On the other hand I have fallen in love with pfSense. It just works. It's web interface is powerful and intuitive, being a BSD system it has an easy to understand command line (for instance, turning on a network card is as easy as "ifup em1", but you probably didn't need to do that in the first place), and since it is a BSD system is also has installable packages so that you can easily add functionality to your router at any time. Additionally, it is very fast (it can run our entire network without problems) and changes made to any of the settings happen almost instantly. While we still need to switch some of our network over to this new router, I think that the transition will go very smoothly and I'm almost looking forward to making it.

It's been a long week thus far, sometimes going to hell and back takes a little bit of work and the determination to fix any problems which come up.

Don't blame Cisco

Hardware failures can affect any brand of hardware. If you had the firewall under a service contract, you could have had a replacement within a few hours, instead of having to start building a new network architecture with all the problems you experienced down the way.

Plan for failure, build redundancy into your design and ensure when hardware does fail, someone else has already been paid to take the responsibility of fixing it - not you. 200 people who need the Net to do their work should not be exposed to the interruptions of a couple of guys messing around for days on the network just because one device has an issue.

I agree 100%. That was your

I agree 100%. That was your fault not Cisco's. How could you not have redundancy? ALL devices will fail at some point, count on it!!

we didn't have redundancy...

Because even though I worked at a place with 200 people it was a non-profit and there was no money for redundant hardware, etc. So in this case we had no choice but attempt to fix the problem with the only tool we had open to use, our heads.
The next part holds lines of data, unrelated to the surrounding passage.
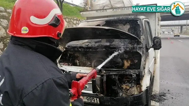 Kocaeli'nin Körfez ilçesi D100 Karayolu'nda seyir halindeyken motor kısmı alevlere teslim olan kamyonette çıkan yangın itfaiye ekipleri tarafından söndürüldü.
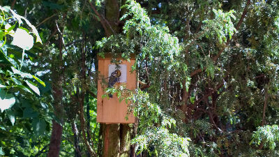 (Kuva alempana) Mökin saunan nurkalla sinitiaisperheen vanhemmat olivat ahkerina koettaessaan ruokkia äänekkäitä poikasiaan.
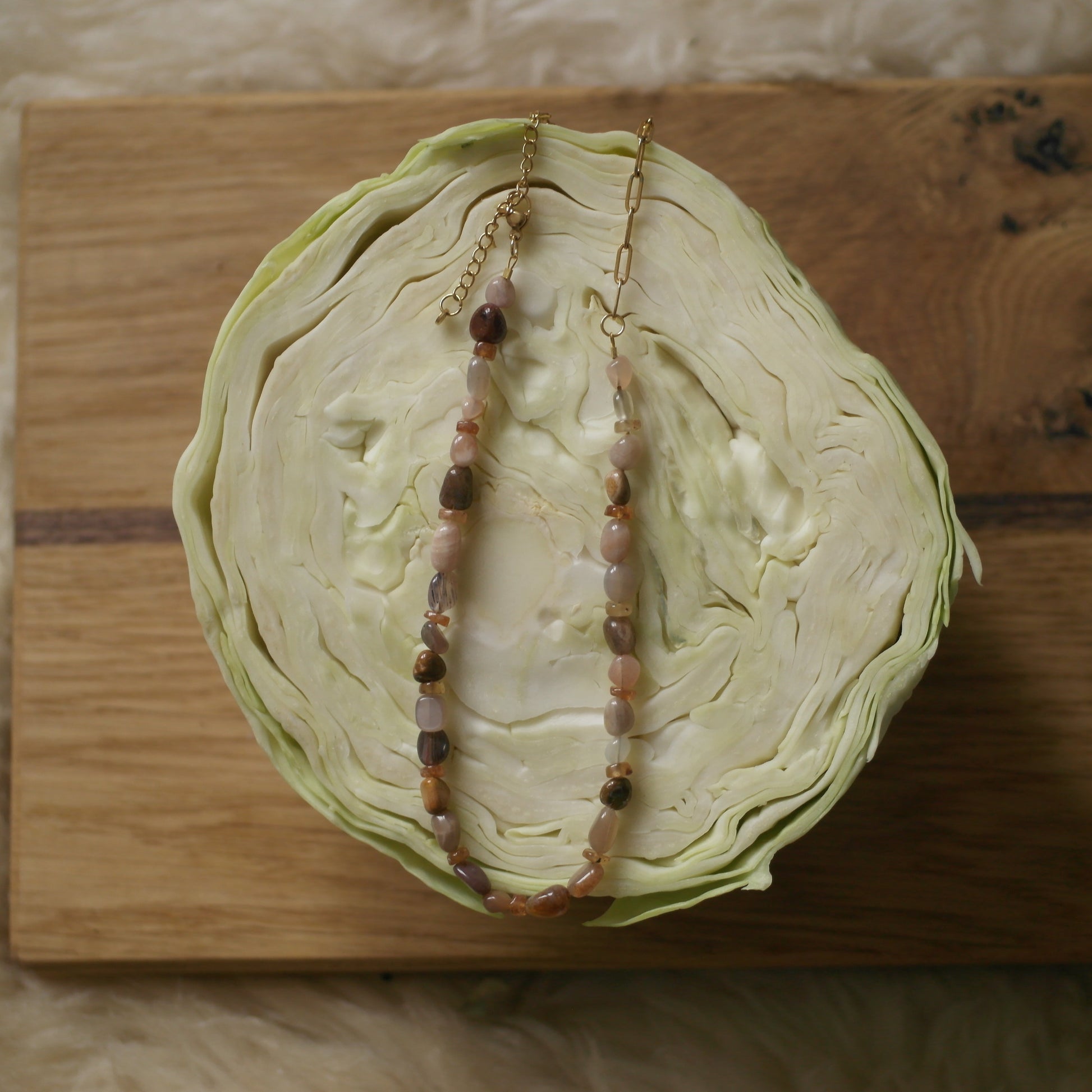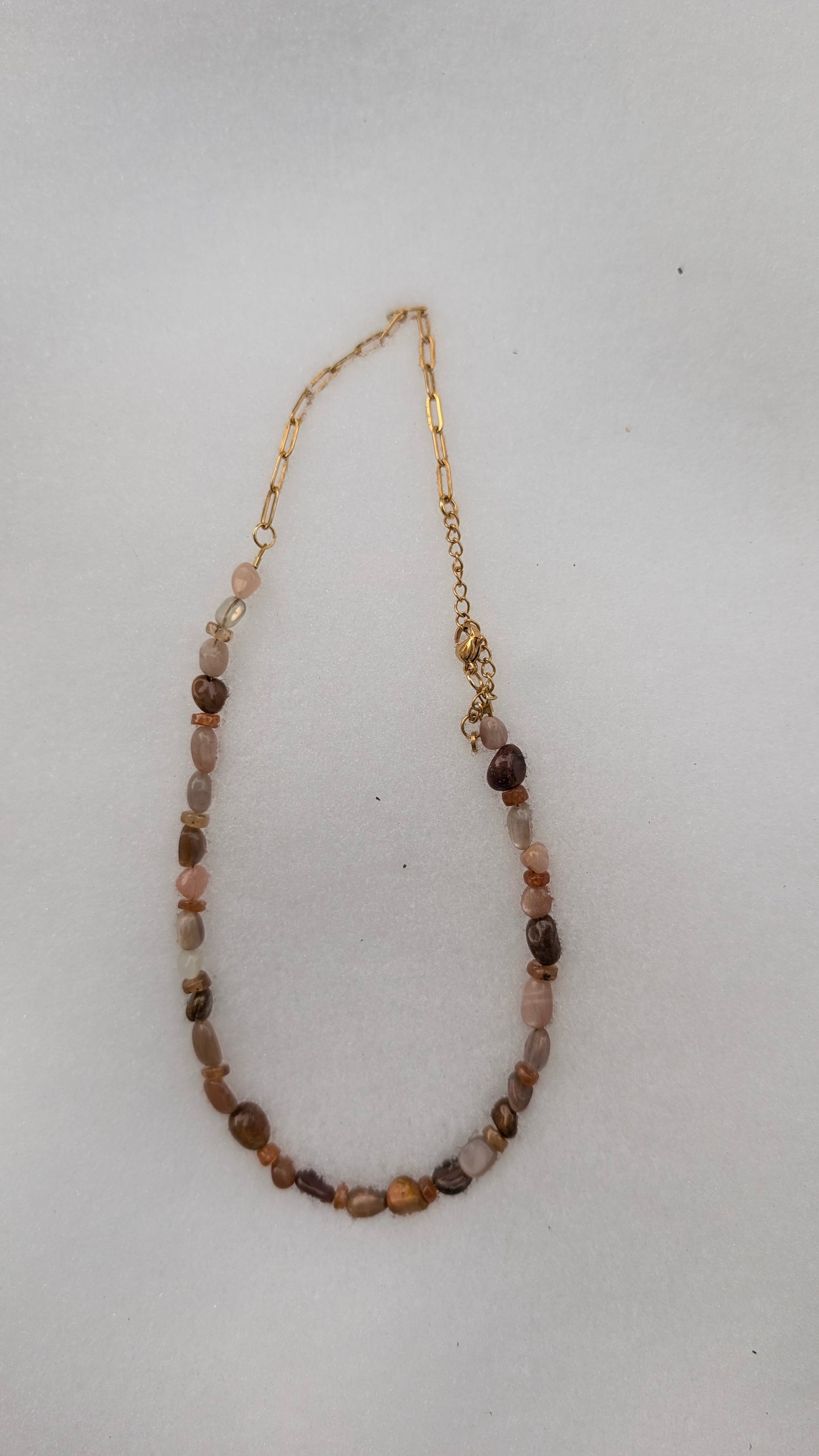 eine Kette aus Tigerauge, Jaspis, Quarz & Sonnenstein
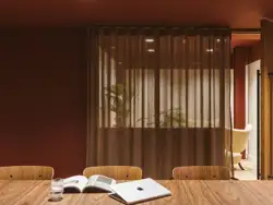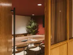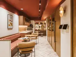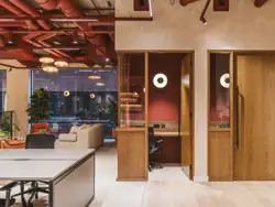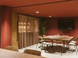 The interiors at One Smart’s Place reject the neutral palette typical of commercial offices. Bold burgundy and scarlet tones, paired with natural materials and warm woods, evoke the atmosphere of an exclusive members’ lounge.
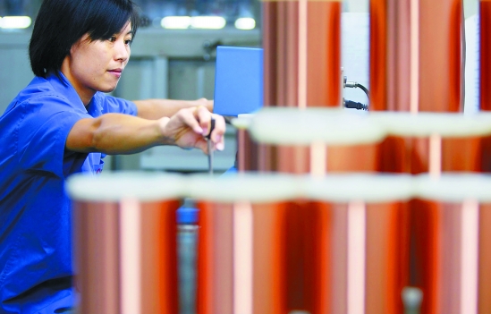 近日,诸暨市店口镇露笑集团的工人正在检测超微细漆包线。东方IC供图
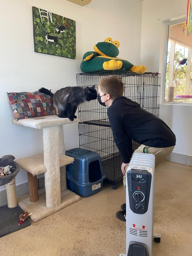 "My kid's school requires 15 volunteer hours a semester. He got a position socializing cats at a local shelter. He's already well over his 15 and still going every weekend."
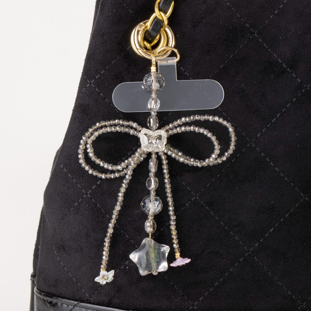 Black Crystal Beads Bag Charm
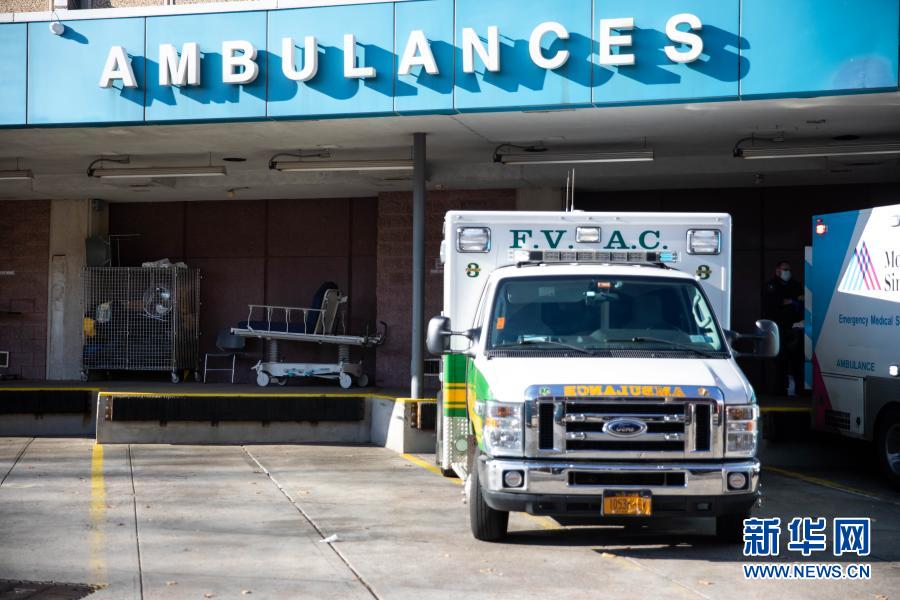 12月3日,在美國紐約,救護車停在一家醫院的急診室外。新華社發(郭克 攝)
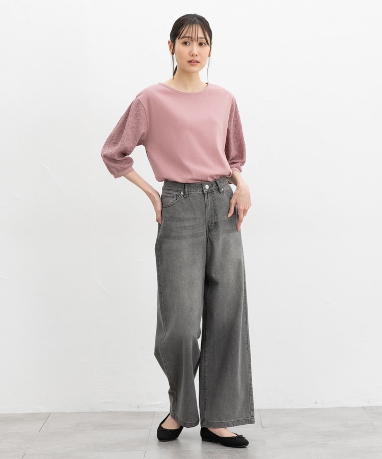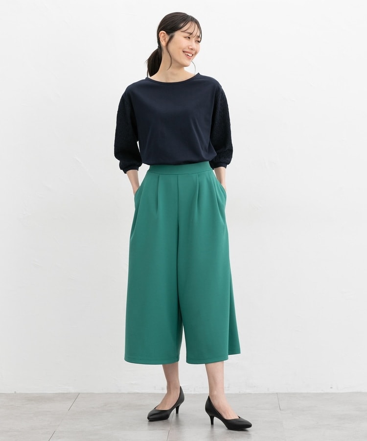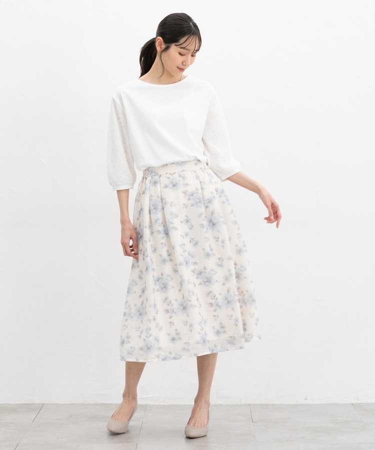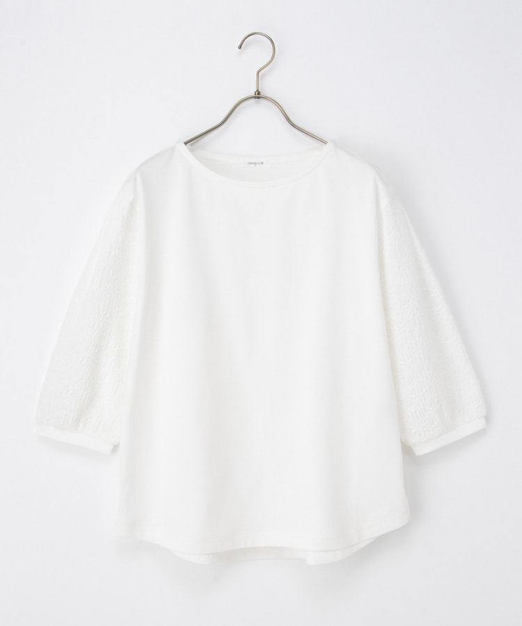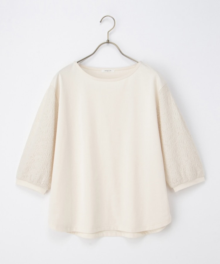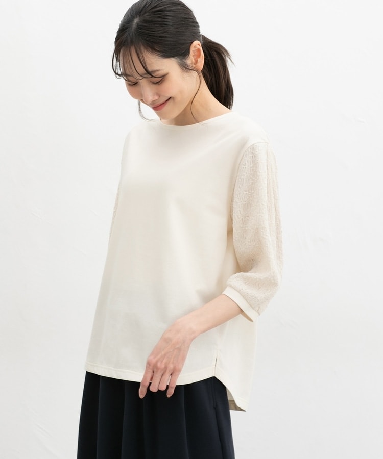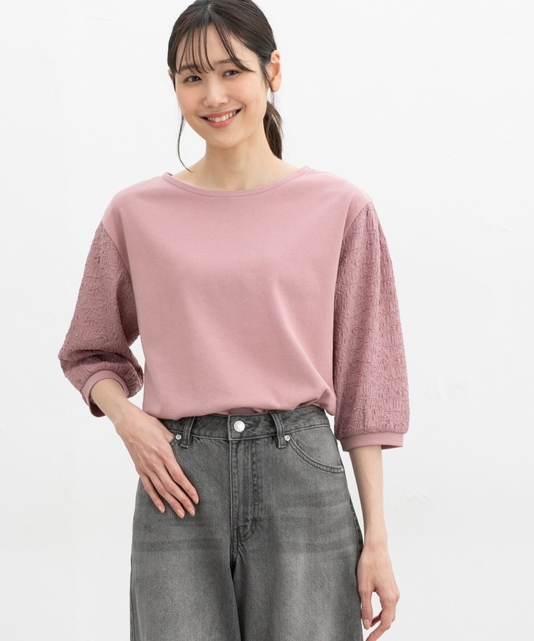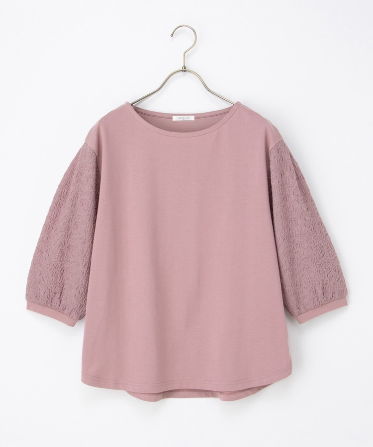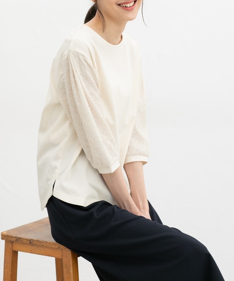 ポコポコした表面感のふんわり袖が大人可愛いデザイン。
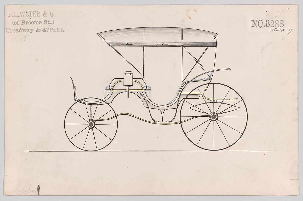 Talented draftsmen employed by the firm included Paul Steinbeck, Herman Stahmer and John Gribbon, the latter teaching at the Carriage Builders and Designers Technical School, which opened in 1880 and was housed initially at the Metropolitan Museum of Art. When the company finally dissolved in 1923, its last owner William Brewster (1866–1949) donated its archive of design and presentation drawings to the Museum where he served as benefactor and trustee.
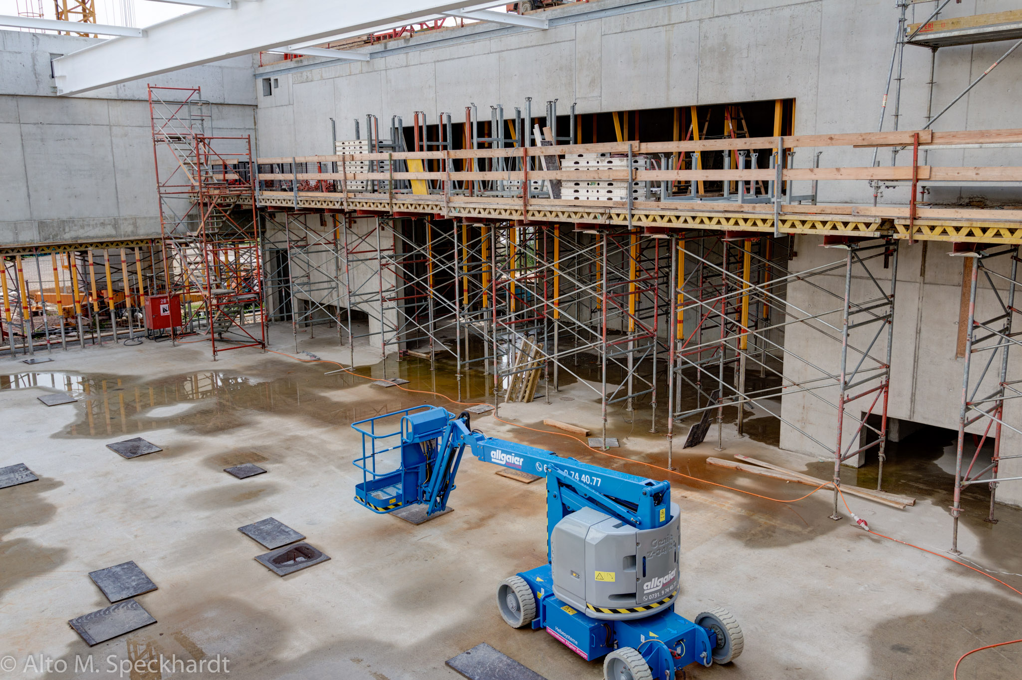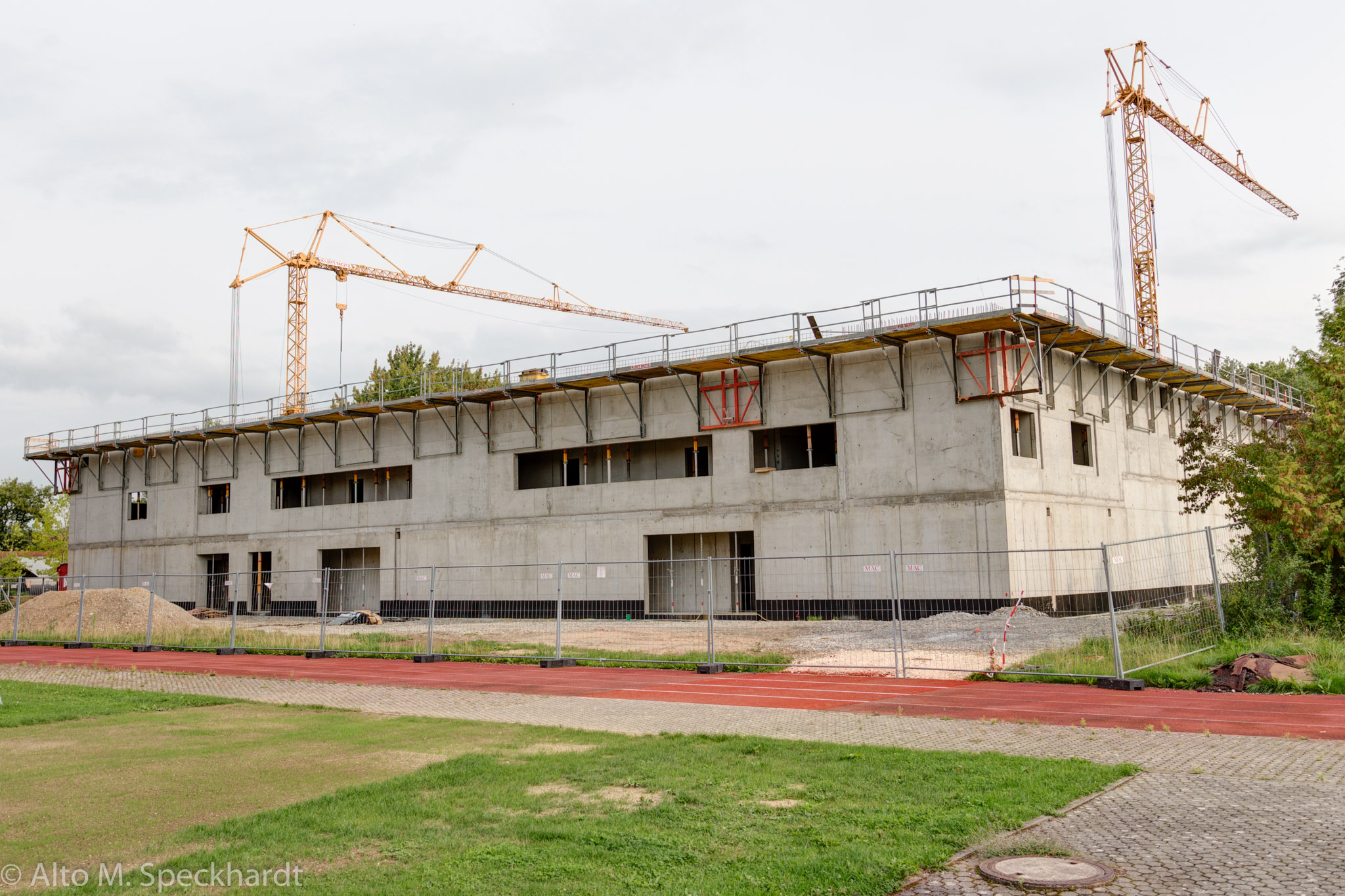 Die neue Mehrzweckhalle Weißenhorn (neben der bestehenden Realschule) nähert sich ihrer Fertigstellung. Noch im September war der Rohbau weniger attraktiv, wenn auch übersichtlicher. Es wird interessant sein, die damaligen Blickwinkel mit dem Endergebnis zu vergleichen.
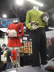 Further sets for the Defiant were created for the second part of the episode, which included designs previously used in "Trials and Tribble-ations" for the Jefferies tube. The other sets included the Rec Room, Captain's quarters and the briefing room. Classic Original Series style uniforms were worn by some the main cast in the second installment; however, the production crew mistakenly gave the USS Defiant a unique uniform insignia different from the iconic delta (arrowhead) badge. This mistake likely stemmed from the erroneous fan theory that every starship in TOS had its own unique insignia. In the TOS episode "The Tholian Web" we clearly see the dead crew of the Defiant wearing the delta badge.[19] Bakula wore the wrap-around green uniform previously worn by Shatner in several episodes including "The Trouble with Tribbles", while Trinneer, Keating and Montgomery donned red shirts. Bakula joked "Did we run out of material for Jolene's skirt?" as Blalock wore the science-blue miniskirt in the style of that worn by Christine Chapel. The normal Enterprise costumes also underwent changes, with those worn by female members of the crew having a portion removed to reveal their midriffs.[7]
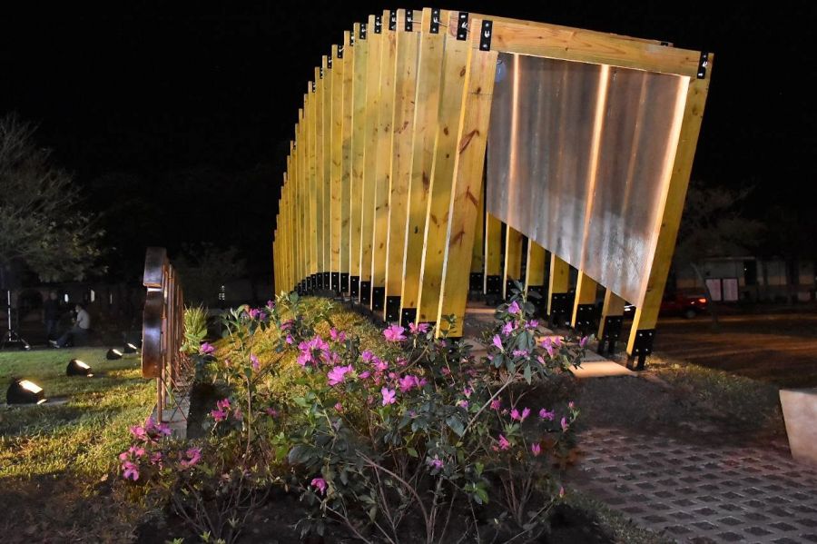 El intendente Eduardo Tassano inauguró en el paseo Arazaty el emplazamiento de la obra “Raíz en Despliegue” junto a su autora, la joven arquitecta virasoreña Julieta Acuña, ganadora del concurso Bienvenidos a Corrientes.

Exactly! Not all us are lucky

Exactly! Not all us are lucky enough to have the kind of budgets that allow for redundancy especially of the expensive Cisco kind. Cisco is perhaps more reliable in the long haul than less expensive products, but when something does happen, and it will, good luck unraveling the inane Cisco tangle. They are overcomplicated, offer poor service, and are not improving in either area. I'm convinced their market share is due to an aging IT population that is stuck on the “name”.